Well done you!! Sometimes you have to do things that people will take umbrage to. But that's their lookout. You can only do what you can do and you shouldn't bust a gut so others can sit on their backsides doing nothing!

Your last paragraph rings so true with me.. about being able to look into people's motives and not liking what we see. I have been going through the same thing recently and actually it's not a bad thing at all. Once we are aware of these things, we can take steps to start looking after ourselves and the things that are important to us.

Proud of you Sue... you have come a long, long way!

Keep going mate.. oh and I'll make sure I leave some long stumps for you around the Wimbledon area lol!

Enjoy your evening!

Lmm xxx

 
Posted : 16th August 2012 4:37 pm
(@Anonymous)
Posts: 0
 

hiya hun..

Dang right ....you go girl...all thats happening is that you've altered the status quo and its been way too comfy for people to rely on you...they are gonna have to start working now...

Yes...it will ruffle some feathers but it will sort the wheat from the chaff and expose who is for you.

The fog you describe will lift Sue..just trust in the process and I promise you things will become clearer....

In Al Anon they used to call it the roasting pan...you know the sunday roast pan...all greasy and muddy....soon as you stick it in the water for a clean and start scrubbing it ..it stirs it up more and more guck..sometimes you may think ..."s**t i wish id not started" its got worse.....but I promise that pan will come clean the more you self care hun....

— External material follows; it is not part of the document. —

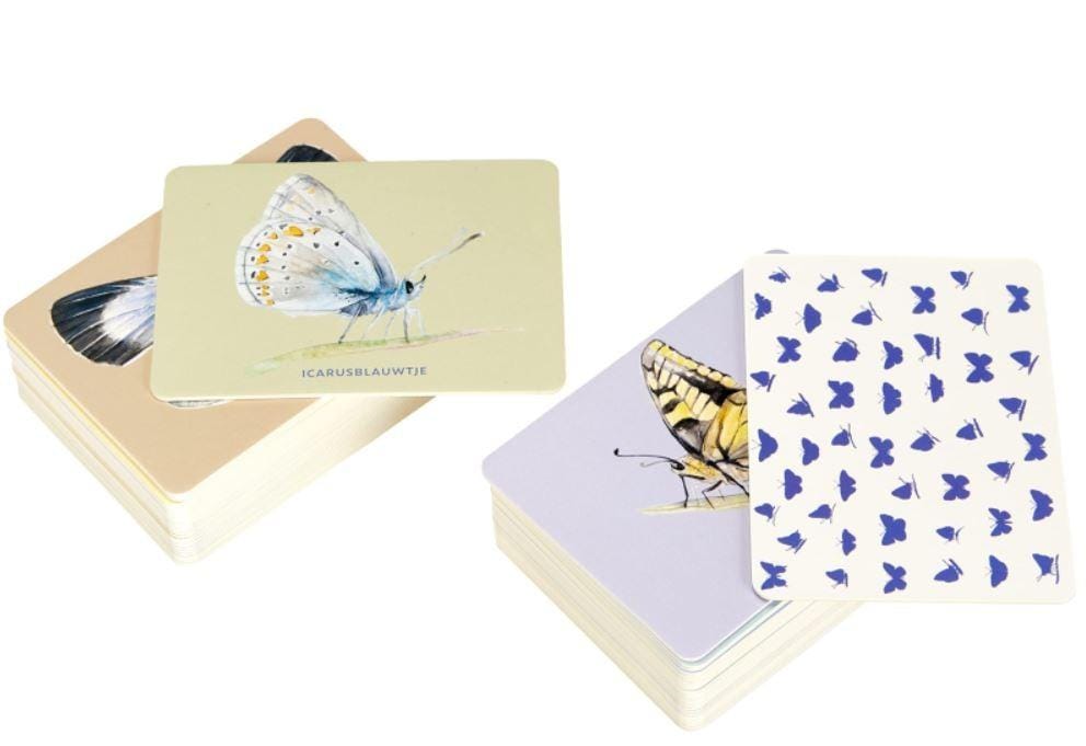 Leer onze mooiste dagvlinders kennen met dit nieuwe memorie spel. Veel vlinders hebben in de vlucht kleurrijke vleugels, maar zien er heel anders uit als ze zitten. Zoek de kaarten met de open- en dichtgevouwen vleugels van 25 vlinders bij elkaar en leer in het bijgesloten gidsje meer over de soorten.
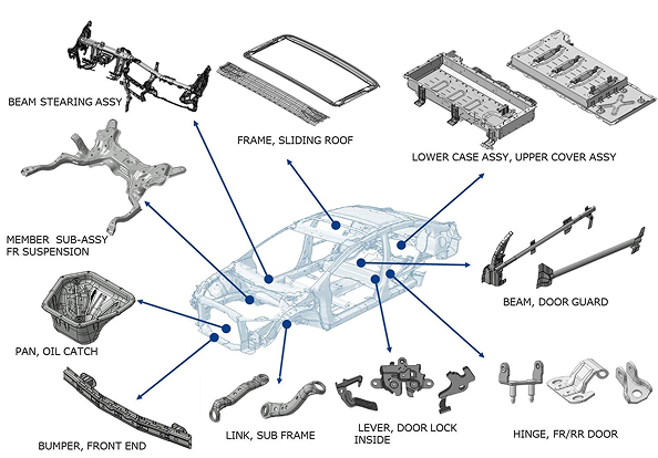 In addition to structural components, we manufacture products that leverage press forming. By replacing conventional methods with press forming, we help improve productivity and reduce costs.

Trust in the process Sue.... you did fantastic.!!!.

BOTTLE THAT FEELING....its your self esteem rising...

hugs

Rach and dotty xxx

 
Posted : 16th August 2012 4:38 pm
(@Anonymous)
Posts: 0
 

hey sue,

thanks, it wasnt easy telling my girlfriend and its something i hope i never have to do again, looking forward to the future now, we go on holiday in a months time an we move in together next may, ive got a massive focus an determination after yesterday an today was the first day in a long time i was laughinh an joking,

well done to you for getting to day 62 thats a great effort you should be very proud of yourself,

have a nice evening, take care

leddie

 
Posted : 16th August 2012 5:13 pm
(@Anonymous)
Posts: 0
Topic starter
 

Hi Diary,

I don't usually post more than once in a day but I have a message I would like to say to someone on here.

Cameron.......If you are reading this......

You were one of the first people on here that I made a bond with........spam...spam...spam.....lol

You came to my rescue when I was in a deep dark hole. You helped me escape from that with your words of encouragement and support.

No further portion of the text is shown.